Which of the following expressions correctly relates the limiting molar conductivity (\(\Lambda_m^\circ\)) of aluminum sulfate, \(\text{Al}_2(\text{SO}_4)_3\), to its individual ionic components according to Kohlrausch's Law?

• A. \(\Lambda_m^\circ = \lambda^\circ(\text{Al}^{3+}) + \lambda^\circ(\text{SO}_4^{2-}) \)
• B. \(\Lambda_m^\circ = 2\lambda^\circ(\text{Al}^{3+}) + 3\lambda^\circ(\text{SO}_4^{2-}) \)
• C. \(\Lambda_m^\circ = 3\lambda^\circ(\text{Al}^{3+}) + 2\lambda^\circ(\text{SO}_4^{2-}) \)
• D. \(\Lambda_m^\circ = \frac{1}{2}\lambda^\circ(\text{Al}^{3+}) + \frac{1}{3}\lambda^\circ(\text{SO}_4^{2-}) \)

Hint:

Always scale the individual ionic values by the balance coefficients for molar conductivity. For equivalent conductivity, these stoichiometric coefficients are normalized.

Answer 1

The Correct Option is B

Concept: Kohlrausch's law of independent migration of ions states that the total limiting molar conductivity of an electrolyte equals the sum of the individual contributions from its cations and anions: \[ \Lambda_m^\circ = \nu_+\lambda^\circ_+ + \nu_-\lambda^\circ_- \] Where \(\nu_+\) and \(\nu_-\) denote the stoichiometric coefficients of the positive and negative ions.

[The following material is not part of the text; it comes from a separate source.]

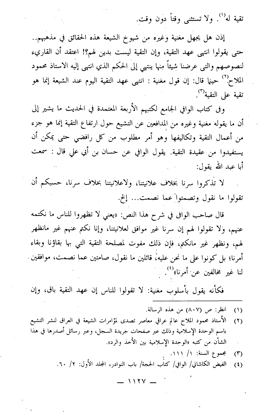 وفي كتاب الوافي الجامع لكتبهم الأربعة المعتمدة في الحديث ما يشير إلى أن ما يقوله مغنية وغيره من المدافعين عن التشيع حول ارتفاع التقية إنما هو جزء من أعمال التقية وتكاليفها وهو أمر مطلوب من كل رافضي حتى يمكن أن يستفيدوا من عقيدة التقية. يقول الوافي: عن حسان بن أبي علي قال: سمعت أبا عبد الله يقول:

Step 1: Analyze the complete dissociation process.
One formula unit of aluminum sulfate dissociates completely in water according to this equilibrium: \[ \text{Al}_2(\text{SO}_4)_3(s) \xrightarrow{\text{H}_2\text{O}} 2\text{Al}^{3+}(aq) + 3\text{SO}_4^{2-}(aq) \] Here, \(\nu_+ = 2\) and \(\nu_- = 3\). Substituting these values yields: \[ \Lambda_m^\circ = 2\lambda^\circ(\text{Al}^{3+}) + 3\lambda^\circ(\text{SO}_4^{2-}) \]